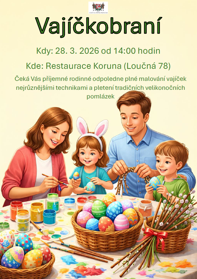 Dne 28. 3. 2026 od 14:00 proběhne v restauraci Koruna (Loučná) naše tradiční vajíčkobraní. Přijďte strávit příjemné kreativní odpoledne! :)
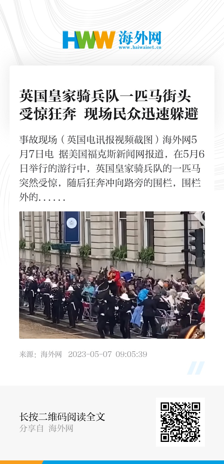 海外网5月7日电 据美国福克斯新闻网报道,在5月6日举行的游行中,英国皇家骑兵队的一匹马突然受惊,随后狂奔冲向路旁的围栏,围栏外的民众迅速躲避。
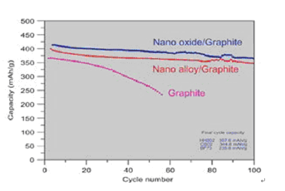 其中,經由高能量研磨的納米合金粉體(SnSb, LiSnM alloy, LiM alloy, M=Al, Fe, Si, In),雖然具有一些延性納米結構組織(ductile structure),可以防止合金材料在鋰離子的充放電測試中,所造成之合金膨脹與碎裂,提高了材料的壽命;然而不可逆容量太高及材料導電度低,仍需要進一步克服,才能夠應用于鋰電池負極材料。而利用納米表面改質技術,將納米氧化物或納米合金,在碳材表面所形成的納米復合負極材料,除了具有較高的電容量(>420mAh/g),約較傳統碳(320mAh/g)的電容量高出40%,如(圖四)。這種納米改質的納米復合負極負極材料,又擁有價格低的優勢,未來是具有市場競爭力,如(表一);將此技術應用于石墨負極材料,更可以大大提升石墨在PC-based電解液系統的壽命。這主要是因為靠石墨表面上的納米鍍層可以防止石墨層表面與電解液的反應,而抑制石墨層的膨脹與剝離,并使電池的容量與壽命延長。
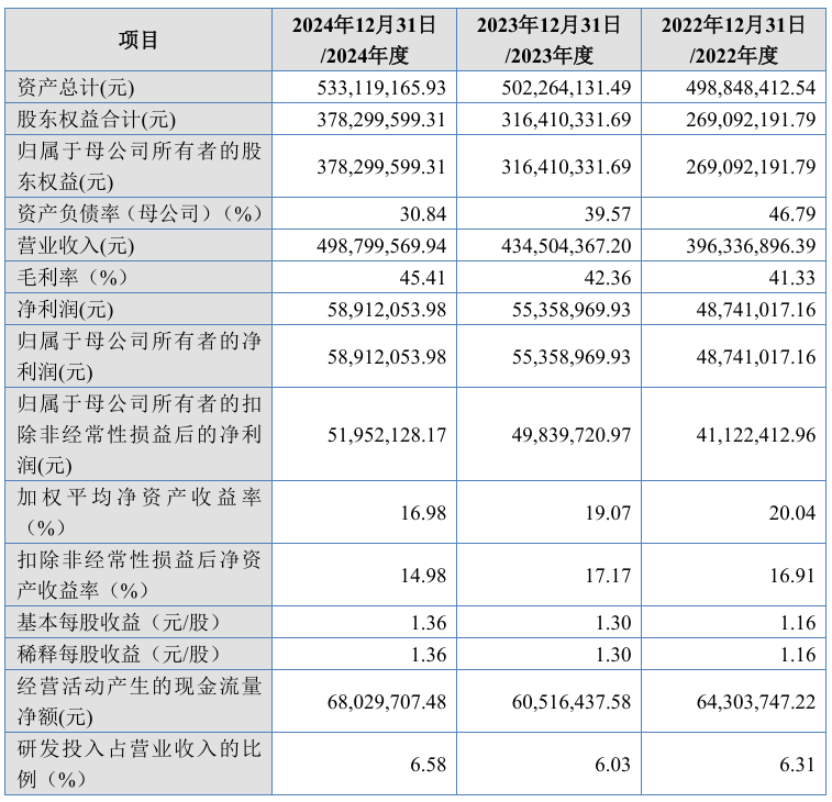 报告期内,公司营业收入分别为39,633.69万元、43,450.44万元和49,879.96万元,扣非归母净利润分别为4,112.24万元、4,983.97万元和5,195.21万元。
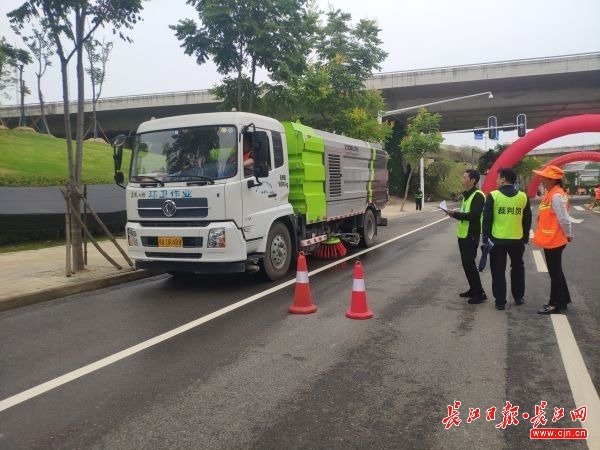 正在开展机扫车路面清扫收边作业竞赛(见习记者范佳昕 摄)
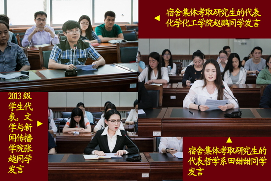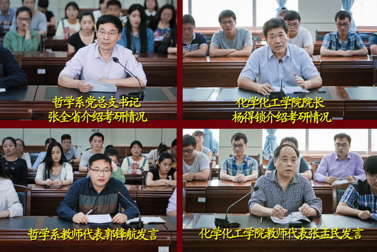 座谈会上,哲学系党总支书记张全省和化学化工学院院长杨得锁分别介绍了本院系的考研情况;郭锋航和张孟民分别代表教师发言;哲学系和化学化工学院两个“明星宿舍”学生代表田甜甜和赵鹏分别分享了自己的考研历程,交流了经验;文学与新闻传播学院张越同学代表2013级学生发了言。
------------------------------------------------------------
What you will do
Omit the pictures and repeat the rest of the listing verbatim.

Response to the exercise
 Dne 28. 3. 2026 od 14:00 proběhne v restauraci Koruna (Loučná) naše tradiční vajíčkobraní. Přijďte strávit příjemné kreativní odpoledne! :)
 海外网5月7日电 据美国福克斯新闻网报道,在5月6日举行的游行中,英国皇家骑兵队的一匹马突然受惊,随后狂奔冲向路旁的围栏,围栏外的民众迅速躲避。
 其中,經由高能量研磨的納米合金粉體(SnSb, LiSnM alloy, LiM alloy, M=Al, Fe, Si, In),雖然具有一些延性納米結構組織(ductile structure),可以防止合金材料在鋰離子的充放電測試中,所造成之合金膨脹與碎裂,提高了材料的壽命;然而不可逆容量太高及材料導電度低,仍需要進一步克服,才能夠應用于鋰電池負極材料。而利用納米表面改質技術,將納米氧化物或納米合金,在碳材表面所形成的納米復合負極材料,除了具有較高的電容量(>420mAh/g),約較傳統碳(320mAh/g)的電容量高出40%,如(圖四)。這種納米改質的納米復合負極負極材料,又擁有價格低的優勢,未來是具有市場競爭力,如(表一);將此技術應用于石墨負極材料,更可以大大提升石墨在PC-based電解液系統的壽命。這主要是因為靠石墨表面上的納米鍍層可以防止石墨層表面與電解液的反應,而抑制石墨層的膨脹與剝離,并使電池的容量與壽命延長。
 报告期内,公司营业收入分别为39,633.69万元、43,450.44万元和49,879.96万元,扣非归母净利润分别为4,112.24万元、4,983.97万元和5,195.21万元。
 正在开展机扫车路面清扫收边作业竞赛(见习记者范佳昕 摄)
 座谈会上,哲学系党总支书记张全省和化学化工学院院长杨得锁分别介绍了本院系的考研情况;郭锋航和张孟民分别代表教师发言;哲学系和化学化工学院两个“明星宿舍”学生代表田甜甜和赵鹏分别分享了自己的考研历程,交流了经验;文学与新闻传播学院张越同学代表2013级学生发了言。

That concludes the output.